**Prompt:**
Copy exactly the lines from the one containing "落ち着いた色合いのオンブレーチェックがポイントのオープンカラーシャツ。" through the last line of the records below, including both, and leave out any pictures.

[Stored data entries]
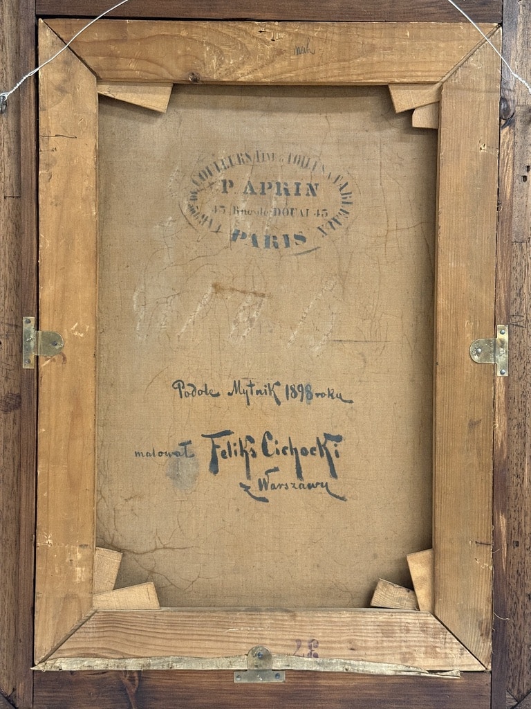 Rückseite: ovaler Stempel des Malerbedarfsgeschäfts von P. Aprin in Paris; darunter: „Podole Mytnik 1898“ | gemalt von Feliks Cichocki | aus Warschau
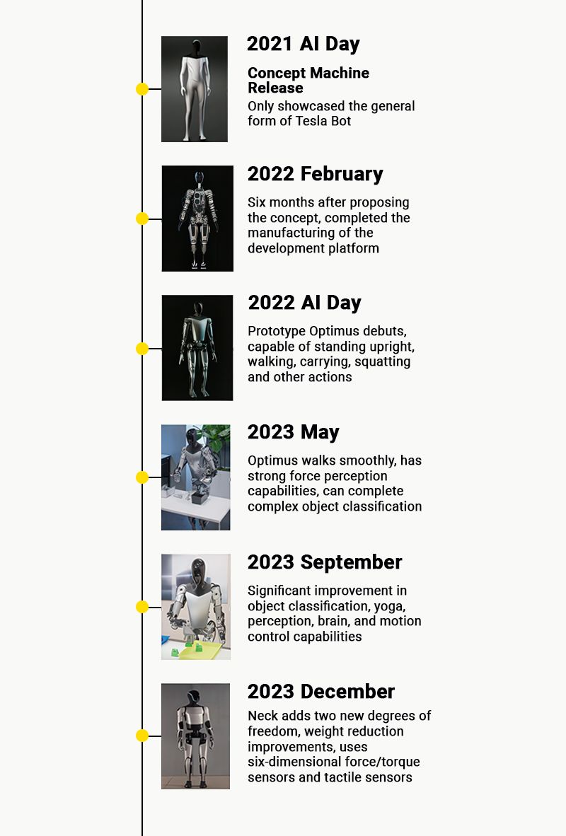 Tesla's Optimus robot has undergone significant evolution since its initial introduction in August 2021. The latest generation Optimus Gen2 features dramatically improved mobility with a natural, human-like walking gait characterized by straight knees, heel-to-toe movement, and natural arm swing. These improvements were achieved through reinforcement learning techniques rather than hard-coded movements, allowing the robot to develop more natural movements through AI training.
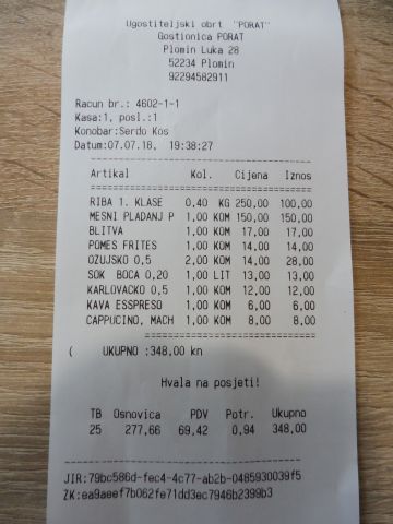 Nun die Rechnung. Man achte auf den Preis. Karlovacko ist billiger als Ozujsko. Seltsam. Hat vielleicht Oettinger die Brauerei übernommen und die Produktion optimiert?
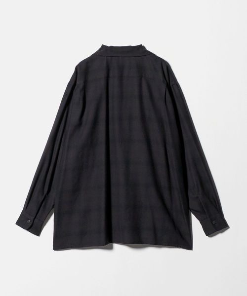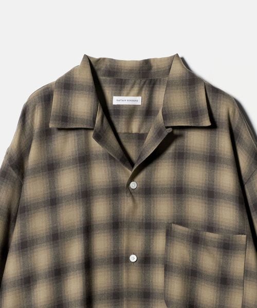 落ち着いた色合いのオンブレーチェックがポイントのオープンカラーシャツ。
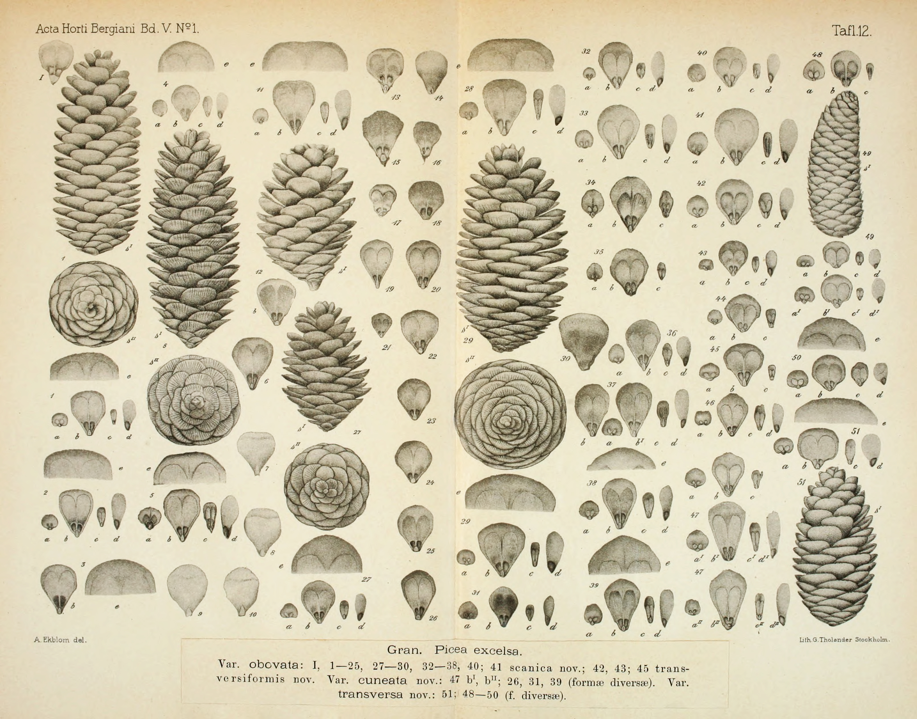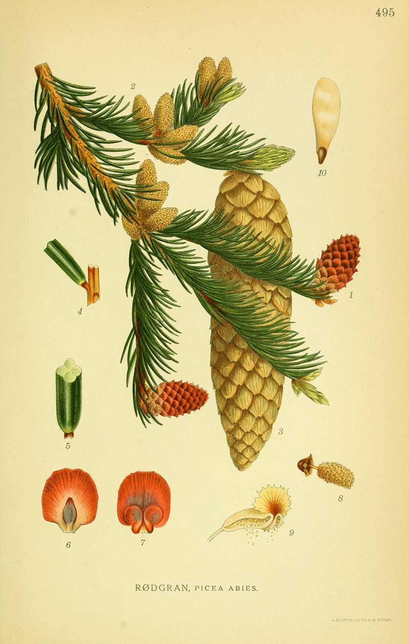 There are lots of different types of conifer/pine trees. These pine cones are often collected and used for home decorations and wreaths. There are hundreds of arts and crafts on Pinterest using pine cones. They also make for great vintage botanical prints.
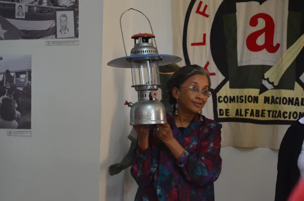 Literacy Museum Director Luisa Yara Campos shows us one of the oil lamps that lit the tutoring session by the Cuban literacy volunteers in the countryside.

**Task response:**
 落ち着いた色合いのオンブレーチェックがポイントのオープンカラーシャツ。
 There are lots of different types of conifer/pine trees. These pine cones are often collected and used for home decorations and wreaths. There are hundreds of arts and crafts on Pinterest using pine cones. They also make for great vintage botanical prints.
 Literacy Museum Director Luisa Yara Campos shows us one of the oil lamps that lit the tutoring session by the Cuban literacy volunteers in the countryside.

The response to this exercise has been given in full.